Share your dilemmas and get honest opinions from other Mumsnetters.

To expect more from marriage? Or is this how married like is?

278 replies

savannahsmama · 08/06/2025 10:10

I’ve been with my husband for 8 years, living together for 5, married for 4. Our daughter’s 3.5. Those first 3-4 years—before the wedding, the pregnancy, moving in —honestly felt like a dream. We didn’t argue at all. Probably because we were always travelling, going out to eat, doing fun stuff.

Then he proposed (really lovely, to be fair), I said yes, we moved in together—and little day-to-day things started to creep in. Like forgetting to put dishes in the dishwasher, soaking the floor after a shower, cancelling plans last minute because a mate had a spare football ticket. The odd snappy comment or silly disagreement. But even then, it was all small stuff and pretty rare. We still felt really solid.

But after the wedding and then getting pregnant, things started getting… heavier. Proper rows, more often. Nothing abusive—no physical or financial stuff, I want to be clear on that—but the arguments got more intense.

And now, it’s both of us constantly annoyed with each other. From my side, it’s: why am I always the one getting up in the night (when she was a baby)? I spend the whole day with the toddler, and then you go straight from work to the pub with your mates because it’s ’part of working’. From his side, he’s strict with our daughter and gets frustrated that she prefers me. I’m too cold and distant to his mum. The house is clean but often messy after a day with my toddler at home (especially if it’s raining or I’ve had to cook a meal and toddler played independently). There’s more but this is just off the top of my head. And I’m not asking to comment on each exact argument, just the fact there’s always some form of tension.

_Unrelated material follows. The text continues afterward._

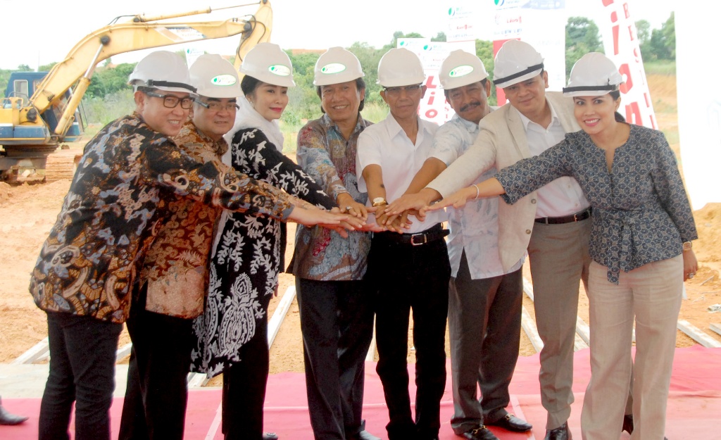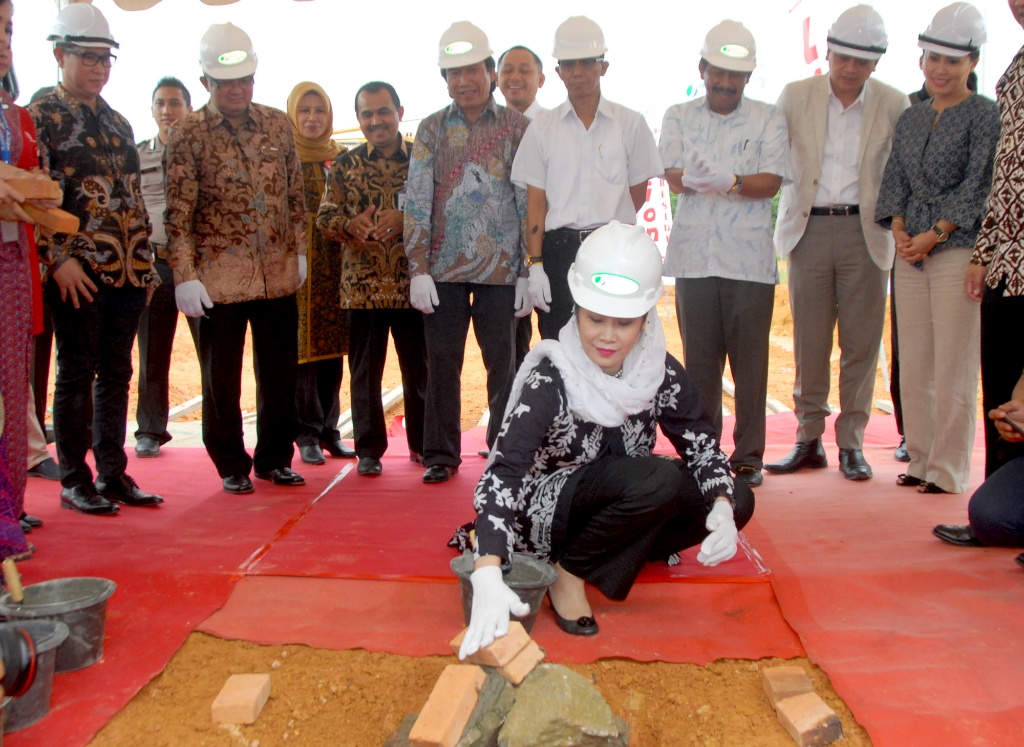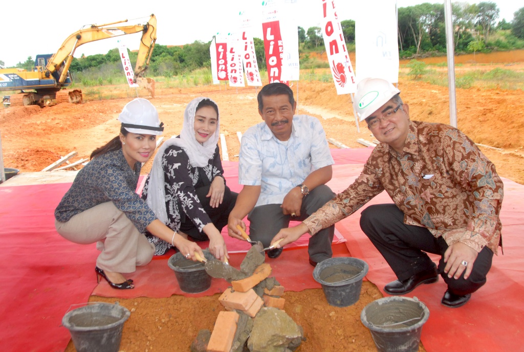 Direktur Consumer Banking BTN Handayani bersama Direktur BPJS Ketenagakerjaan Amran Nasution (kanan), Direktur Utama Lion Group Edward Sirait (kedua kanan) dan Direktur Utama Sarana Global Utama Yuyu Yuhanah (kiri) melakukan pelatakan batu pertama pembangunan perumahan pekerja Lion Residence, di Batam, Kamis (12/10). Di lahan sekitar 3,7 Hektar yang berlokasi di Kelurahan Batu Besar Kecamatan Nongsa batam itu akan disiapkan sekitar 1.200 unit rumah yang diperintukkan bagi pegawai Lion Air Group. Pada tahap awal proyek ini akan dibangun 320 unit rumah subsidi dan 210 unit rumah non subsidi dengan dukungan pembiayaan dari Bank BTN dengan skim syariah kerjasama BPJS Tenaga Kerja. Melalui kerjasama ini BTN optimis akan dapat mendongkrak perolehan kredit pembiayaan perumahan berbasis syariah di wilayah Batam. AKTUAL/Humas BTN

This morning I woke up before him, looked at him sleeping, and remembered how 5-6 years ago, my absolute favourite times were just evenings and mornings with him—those slow, cosy moments where we were just together. And now I’m counting the days until I go on holiday with my parents without him. Not because it’s a beach break or some amazing getaway, but because it’ll be an actual break from him. He’s staying in London.

(And before anyone says “oh, poor guy, working while she’s off enjoying herself”—we’re going on my parents’ money, not his. I don’t spend his money. I holiday, shop etc—on my own cash / savings.)

OP posts:
sprinklesandshines · 08/06/2025 13:34

PeapodMcgee · 08/06/2025 13:32

Then you wouldn't have gotten married. He knew the score.

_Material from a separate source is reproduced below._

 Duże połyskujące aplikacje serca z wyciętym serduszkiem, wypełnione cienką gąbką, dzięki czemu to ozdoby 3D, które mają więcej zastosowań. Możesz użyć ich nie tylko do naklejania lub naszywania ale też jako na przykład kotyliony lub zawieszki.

hard to tell. OP hasn’t said whether her family are “new money” since they married or she’s always had handouts

sprinklesandshines · 08/06/2025 13:34

PeapodMcgee · 08/06/2025 13:33

OP hasn't elaborated on the source of her funds, other than it being generational wealth.

Parents, grandparents, auntie or uncles. She said the money comes from family funds.

Goldenbear · 08/06/2025 13:34

PeapodMcgee · 08/06/2025 13:12

What's the proposed solution? Imagine an adult has inherited £2million from a grandparent. Should she give it all away and get a job as an accountant, just so her husband's manly penis doesn't drop off?!

People don't just work for financial reasons. Equally, it is a bit infantalising never having to earn money for yourself.

That said, the husband sounds like a traditionalist someone the OP was obviously attracted to though so I'm unsure why you'd be surprised when he behaves like an emasculated man.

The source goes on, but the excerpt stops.